Below this line is the material. Write out only its lines from the one containing "Тысячи протестующих в" through the one containing "Un bracelet fait", both kept, exactly.

- [RECORDS FOR THIS EXERCISE]:
- - - - -
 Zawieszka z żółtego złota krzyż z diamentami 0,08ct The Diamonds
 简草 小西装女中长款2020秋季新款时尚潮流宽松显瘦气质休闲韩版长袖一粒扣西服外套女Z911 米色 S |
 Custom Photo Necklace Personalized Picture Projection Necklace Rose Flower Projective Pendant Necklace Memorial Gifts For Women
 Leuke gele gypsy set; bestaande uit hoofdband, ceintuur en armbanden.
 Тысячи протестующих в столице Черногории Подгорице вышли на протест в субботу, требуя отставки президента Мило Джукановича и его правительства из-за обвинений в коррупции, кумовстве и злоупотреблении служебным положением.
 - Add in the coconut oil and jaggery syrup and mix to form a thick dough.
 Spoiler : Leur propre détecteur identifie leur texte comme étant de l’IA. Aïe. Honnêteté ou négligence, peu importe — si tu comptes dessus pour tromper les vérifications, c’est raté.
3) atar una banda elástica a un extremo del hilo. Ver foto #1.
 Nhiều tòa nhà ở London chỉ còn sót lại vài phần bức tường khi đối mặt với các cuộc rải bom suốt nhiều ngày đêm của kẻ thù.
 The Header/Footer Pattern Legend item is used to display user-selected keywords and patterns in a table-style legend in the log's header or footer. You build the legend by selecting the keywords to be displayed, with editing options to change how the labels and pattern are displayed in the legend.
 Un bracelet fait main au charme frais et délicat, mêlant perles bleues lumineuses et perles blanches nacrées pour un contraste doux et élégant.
- - - - -
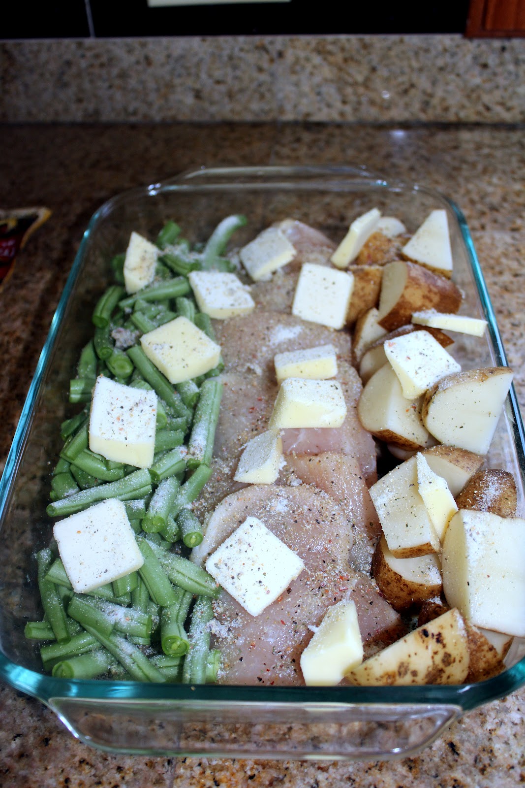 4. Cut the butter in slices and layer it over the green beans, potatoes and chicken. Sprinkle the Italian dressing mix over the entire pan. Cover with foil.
- - - - -
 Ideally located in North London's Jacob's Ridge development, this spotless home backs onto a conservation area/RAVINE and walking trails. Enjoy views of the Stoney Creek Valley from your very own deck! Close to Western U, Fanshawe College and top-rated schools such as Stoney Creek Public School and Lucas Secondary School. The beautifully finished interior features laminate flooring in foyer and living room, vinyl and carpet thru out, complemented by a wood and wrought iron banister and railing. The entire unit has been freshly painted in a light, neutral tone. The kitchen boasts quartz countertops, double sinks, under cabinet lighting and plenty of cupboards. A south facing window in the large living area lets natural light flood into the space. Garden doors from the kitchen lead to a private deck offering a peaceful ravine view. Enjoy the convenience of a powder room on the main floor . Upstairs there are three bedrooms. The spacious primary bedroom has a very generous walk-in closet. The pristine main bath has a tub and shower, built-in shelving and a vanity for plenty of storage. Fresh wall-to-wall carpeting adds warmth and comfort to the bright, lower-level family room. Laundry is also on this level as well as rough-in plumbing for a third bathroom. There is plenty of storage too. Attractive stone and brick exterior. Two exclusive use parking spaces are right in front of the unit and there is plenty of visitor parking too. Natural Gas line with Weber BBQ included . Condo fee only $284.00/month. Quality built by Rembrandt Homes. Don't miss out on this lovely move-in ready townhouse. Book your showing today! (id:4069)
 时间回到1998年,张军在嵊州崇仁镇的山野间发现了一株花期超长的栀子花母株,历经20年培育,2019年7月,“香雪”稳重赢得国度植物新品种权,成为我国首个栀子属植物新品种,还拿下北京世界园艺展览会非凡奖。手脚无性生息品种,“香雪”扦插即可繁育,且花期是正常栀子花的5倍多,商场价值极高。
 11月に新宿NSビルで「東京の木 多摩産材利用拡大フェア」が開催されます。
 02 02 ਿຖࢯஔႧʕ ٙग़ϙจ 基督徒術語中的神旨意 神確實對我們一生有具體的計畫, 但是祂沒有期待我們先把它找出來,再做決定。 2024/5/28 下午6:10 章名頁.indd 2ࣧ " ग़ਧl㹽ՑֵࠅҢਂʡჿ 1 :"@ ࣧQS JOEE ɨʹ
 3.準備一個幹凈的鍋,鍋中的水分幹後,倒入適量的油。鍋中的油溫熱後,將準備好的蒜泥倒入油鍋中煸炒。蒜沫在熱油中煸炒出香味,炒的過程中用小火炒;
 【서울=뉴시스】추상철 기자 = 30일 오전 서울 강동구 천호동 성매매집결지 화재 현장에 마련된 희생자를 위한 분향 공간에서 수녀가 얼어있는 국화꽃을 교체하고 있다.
- - - - -
- [YOUR SOLUTION]:
 Тысячи протестующих в столице Черногории Подгорице вышли на протест в субботу, требуя отставки президента Мило Джукановича и его правительства из-за обвинений в коррупции, кумовстве и злоупотреблении служебным положением.
 - Add in the coconut oil and jaggery syrup and mix to form a thick dough.
 Spoiler : Leur propre détecteur identifie leur texte comme étant de l’IA. Aïe. Honnêteté ou négligence, peu importe — si tu comptes dessus pour tromper les vérifications, c’est raté.
3) atar una banda elástica a un extremo del hilo. Ver foto #1.
 Nhiều tòa nhà ở London chỉ còn sót lại vài phần bức tường khi đối mặt với các cuộc rải bom suốt nhiều ngày đêm của kẻ thù.
 The Header/Footer Pattern Legend item is used to display user-selected keywords and patterns in a table-style legend in the log's header or footer. You build the legend by selecting the keywords to be displayed, with editing options to change how the labels and pattern are displayed in the legend.
 Un bracelet fait main au charme frais et délicat, mêlant perles bleues lumineuses et perles blanches nacrées pour un contraste doux et élégant.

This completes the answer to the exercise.